Total fish catches from the Northwest and the Southeast Atlantic are levelling off after reaching their maximum levels a decade or two ago," Garcia said. "In the Eastern Central Atlantic and the Northwest Pacific, total catches are increasing again, after a short decline following their maximum production levels of a decade ago. Most of these changes result from increases in landings of small pelagic species."

In the Northeast Atlantic, the Western Central Atlantic, the Northeast Pacific, the Mediterranean and Black Sea, the Eastern Central Pacific and the Southwest Pacific, annual catches have stabilised or are declining slightly, having reached their maximum potentials a few years ago. In the Southwest Atlantic and the Southeast Pacific, total annual catches have declined sharply only a few years after reaching their all-time highs. These areas have been seriously affected by the decline, and in some cases the serious depletion, of important stocks (shortfin squid, hake, anchoveta and horse mackerel).

During the last few years, the number of fishing vessels tended to decrease in developed countries and to increase in some developing countries. After years of fast growth in the 1960s and 1970s the total fleet has tended to stabilise. Technological developments, however, have increased the fishing capacity of individual vessels.
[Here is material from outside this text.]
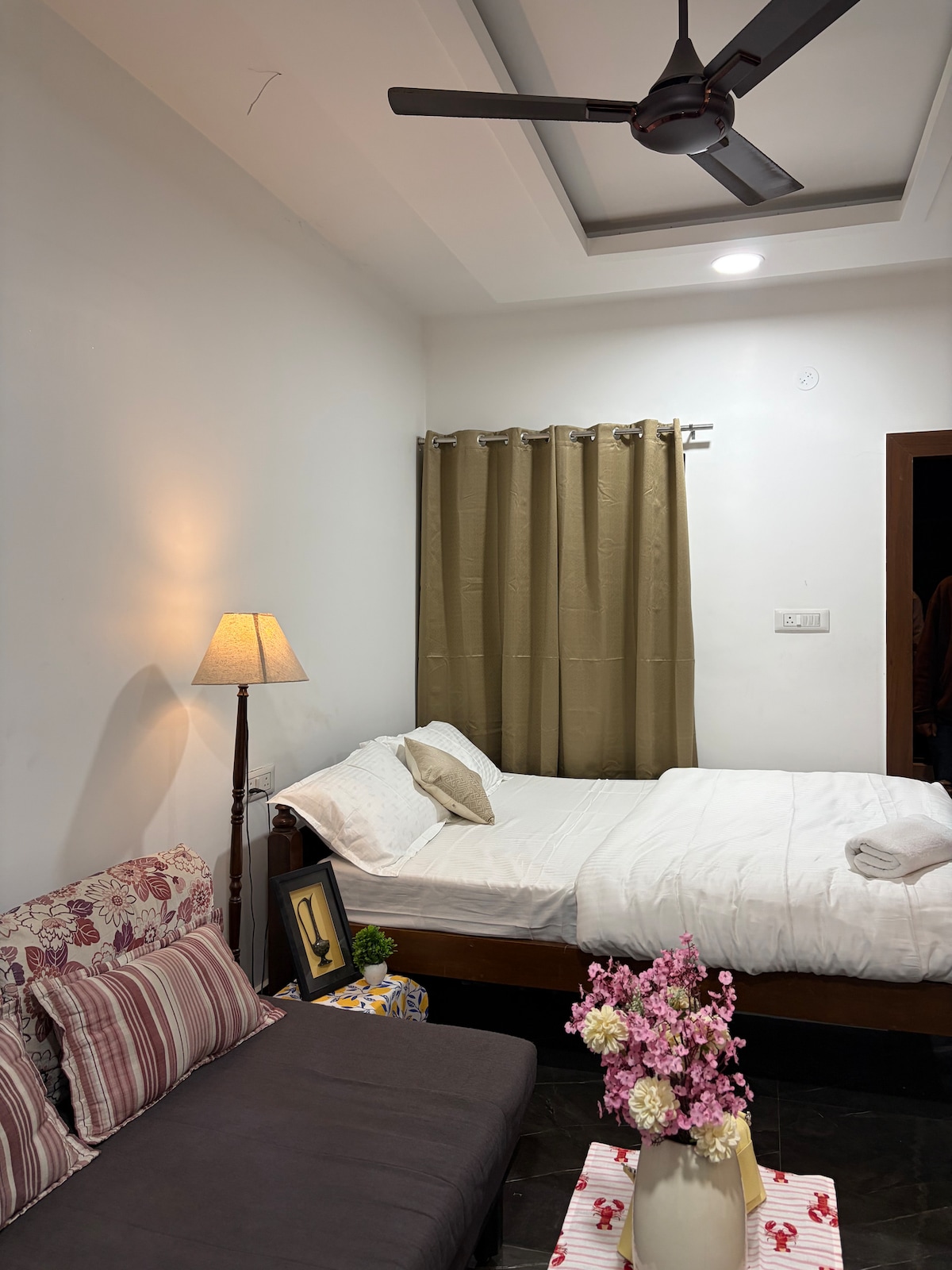 A safe and peaceful stay for families, friends, and solo travelers seeking comfort and relaxation at our cozy homestay. Our home offers a tranquil escape where you can unwind in a warm and friendly atmosphere. Why Stay With Us? Safe & Peaceful | Cozy and Spacious Rooms | Homely Hospitality | Well-Connected Yet Quiet | Fully Equipped Kitchen | Relaxing Ambience Whether you're visiting for a short escape or a long stay, you can enjoy comfort and warmth. We look forward to hosting you!

The pressure from over-dimensioned industrial fleets on stocks and small-scale fisheries has grown significantly, according to FAO.

Despite limited progress in some areas, on a global scale, marine degradation has continued and even intensified in most places, FAO said. Aside from overfishing, the main problems are: alteration and destruction of wetlands, mangroves and coral reefs through landfill, sedimentation, pollution from sewage, river runoff and atmospheric contamination.

As alterations increase, the most resilient species are selected. As these are rarely the most appreciated on the market, this leads to loss of market value. There is a danger that seafood safety is reduced through contamination by toxic algal blooms, human pathogens (cholera and typhoid), sewage, harmful chemicals (pesticides, antibiotics, fungicides, dioxins).

"A focus on the entire ecosystem and not only on individual stocks is urgently needed to protect and utilize marine resources," Garcia said. "Governments should take the problems of fisheries more seriously and industry should be more involved in the sustainable management of the sector. In addition, the instruments already at hand need to be applied to better protect fish stocks at risk."